Шестой вошел в третий номер, чтобы посоветоваться с вождем, и услышал недвусмысленные звуки. К тому времени он уже неплохо ориентировался и мог самостоятельно передвигаться по «гостинице». При его появлении возня на кровати не прекратилась.
Третий оценил качество минета и медленно подбирался к оргазму. Он держал Восьмую за волосы. Она знала свое дело; вид в зеркале также был неплох: там отражались ее раздвинутые ягодицы и опушенная щель, вдоль которой блуждал ее же средний палец. Третий не собирался прерывать свои занятия из-за толстяка, которому казалось, что он обнаружил нечто важное.
На свою беду, Шестой не дождался подходящего момента. А может, это все равно ничего не изменило бы. Третий как раз начал изливаться, будто заправочный шланг, когда толстяк ляпнул:
– По-моему, тут нет вентиляции!
– Точно, – подтвердил Третий и бросил в него свою дубину.
Шуруп вошел Шестому в правый глаз и достиг мозга. Он рухнул на пол и перестал дергаться раньше, чем Восьмая успела вытереть ладонью губы. После чего Третий закончил фразу:
– Значит, тебе придется меньше дышать.
Нехватка кислорода представлялась ужасающей перспективой пятерым похороненным заживо, однако прежде им еще предстояло испытание голодом. Вскоре все они чувствовали себя случайными пассажирами самолета, окончательно покинувшего воздушный коридор здравого смысла. Рейс, похоже, мог оказаться слишком долгим, и кормить пассажиров никто не собирался. А пунктом назначения был, конечно, ад.

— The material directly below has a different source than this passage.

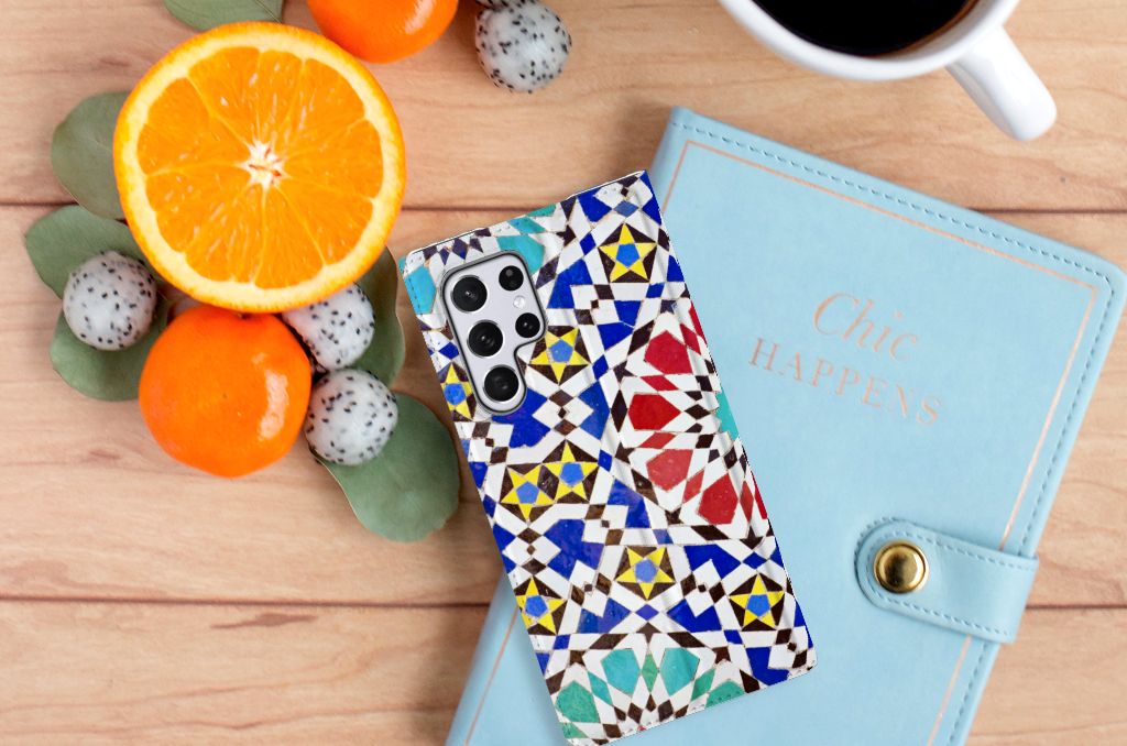 Aan design hoesjes met kunstvormen geen gebrek in onze uitgebreide collectie. Wat dacht je van dit design hoesje met Mozaïek . Dit is een kunstvorm waarbij een grote afbeelding wordt gemaakt uit een groot aantal kleine gekleurde steentjes (tesserae), die in een vloer of wand worden gemetseld. Deze gekleurde steentjes zie je terug op deze stand case met design van mozaïek. Een stand case is een van de veiligste cases die er bestaan. Een Samsung Galaxy S22 Ultra Standcase met print zorgt voor een volledige bescherming van je smartphone en wordt aan alle zijden bedrukt met mozaïek. Verder is de houder aan de binnenzijde van TPU. De Grieken en Romeinen beheersten de kunst al. Op diverse plaatsen in Europa zijn mozaïeken teruggevonden die tot op de dag van vandaag goed bewaard zijn gebleven. Met een hoesje met mozaïek blijft jouw telefoon in tact. Je pasje en kun je in het vakje aan de binnenzijde stoppen. De case heeft ook een standaard.

Обнаружились плохие стороны даже в сравнении с положением потерпевших кораблекрушение и оказавшихся в шлюпке посреди открытого океана. Седьмой и Первый составили негласную оппозицию Третьему, но до открытого бунта дело так и не дошло. Четвертая была апатичной и покорной. Всем было ясно, что она – следующая жертва. Она лишилась рассудка и слышала голоса чудовищ. Она не понимала слов, хотя голоса звучали очень близко. Боженька исчез, и она о нем не вспоминала. Теперь ее жизнь принадлежала чудовищам. Спустя несколько часов Третий лишил ее девственности. Восьмая подумывала о том, как бы прикончить его исподтишка, и все чаще поглядывала на дубинку со следами высохшего мозга, с которой Третий благоразумно не расставался. Ее мотивом была отнюдь не ревность (между прочим, любовником Третий оказался замечательным, чего о качках обычно не скажешь). Мотивом был страх – хотя фишка легла так, что у Восьмой имелись все шансы продержаться дольше других.